━━ Input data ━━

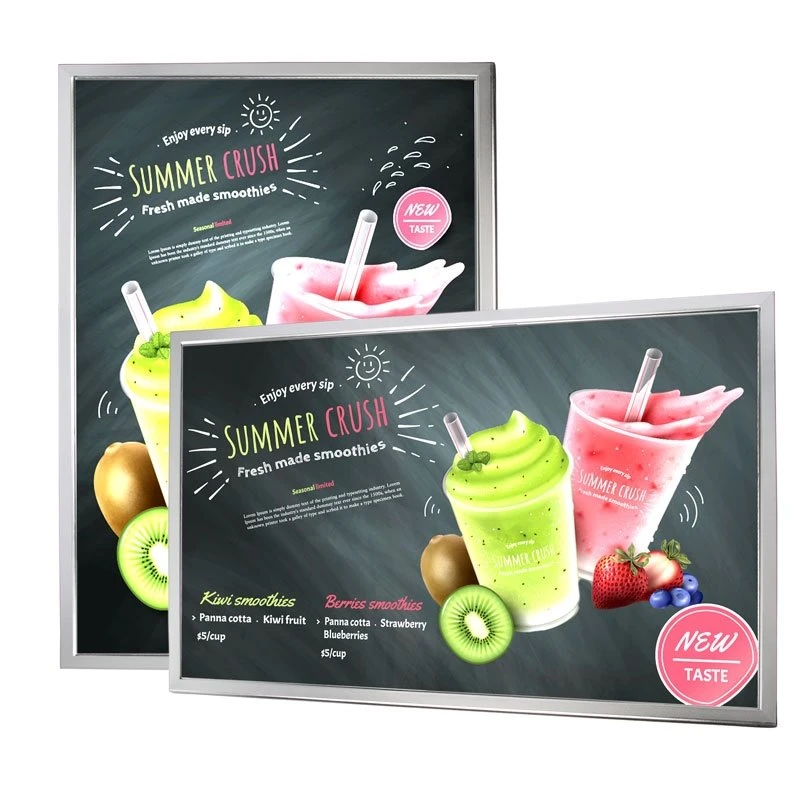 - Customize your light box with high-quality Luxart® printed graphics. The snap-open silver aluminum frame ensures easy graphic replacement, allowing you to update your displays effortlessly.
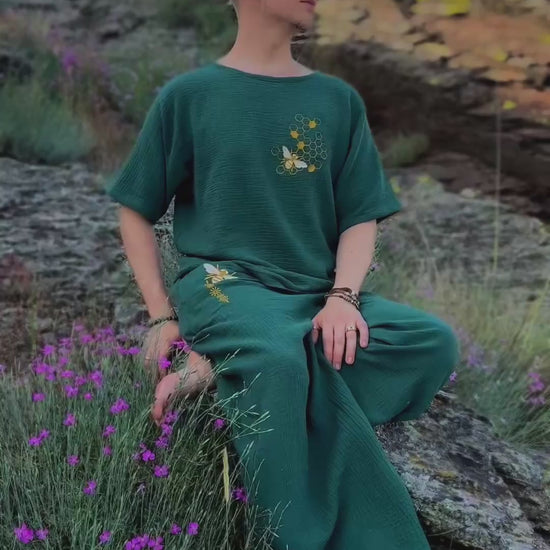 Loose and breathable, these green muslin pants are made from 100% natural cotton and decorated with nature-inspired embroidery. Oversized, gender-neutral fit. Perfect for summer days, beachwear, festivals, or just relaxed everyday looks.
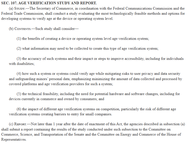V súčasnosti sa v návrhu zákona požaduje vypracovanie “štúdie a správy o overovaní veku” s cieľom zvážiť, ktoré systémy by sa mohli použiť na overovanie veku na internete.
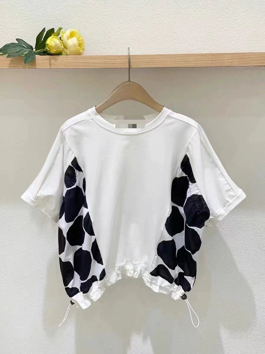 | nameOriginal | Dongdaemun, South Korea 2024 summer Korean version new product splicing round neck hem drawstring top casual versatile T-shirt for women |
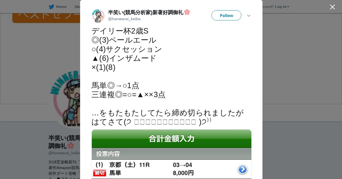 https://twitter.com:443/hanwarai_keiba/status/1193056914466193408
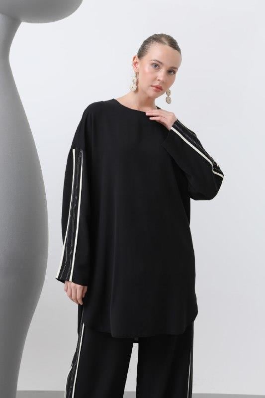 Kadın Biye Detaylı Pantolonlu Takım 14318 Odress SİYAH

━━━

Would you return the records exactly, keeping out every picture?

- [Response area]:
 - Customize your light box with high-quality Luxart® printed graphics. The snap-open silver aluminum frame ensures easy graphic replacement, allowing you to update your displays effortlessly.
 Loose and breathable, these green muslin pants are made from 100% natural cotton and decorated with nature-inspired embroidery. Oversized, gender-neutral fit. Perfect for summer days, beachwear, festivals, or just relaxed everyday looks.
V súčasnosti sa v návrhu zákona požaduje vypracovanie “štúdie a správy o overovaní veku” s cieľom zvážiť, ktoré systémy by sa mohli použiť na overovanie veku na internete.
 | nameOriginal | Dongdaemun, South Korea 2024 summer Korean version new product splicing round neck hem drawstring top casual versatile T-shirt for women |
 https://twitter.com:443/hanwarai_keiba/status/1193056914466193408
 Kadın Biye Detaylı Pantolonlu Takım 14318 Odress SİYAH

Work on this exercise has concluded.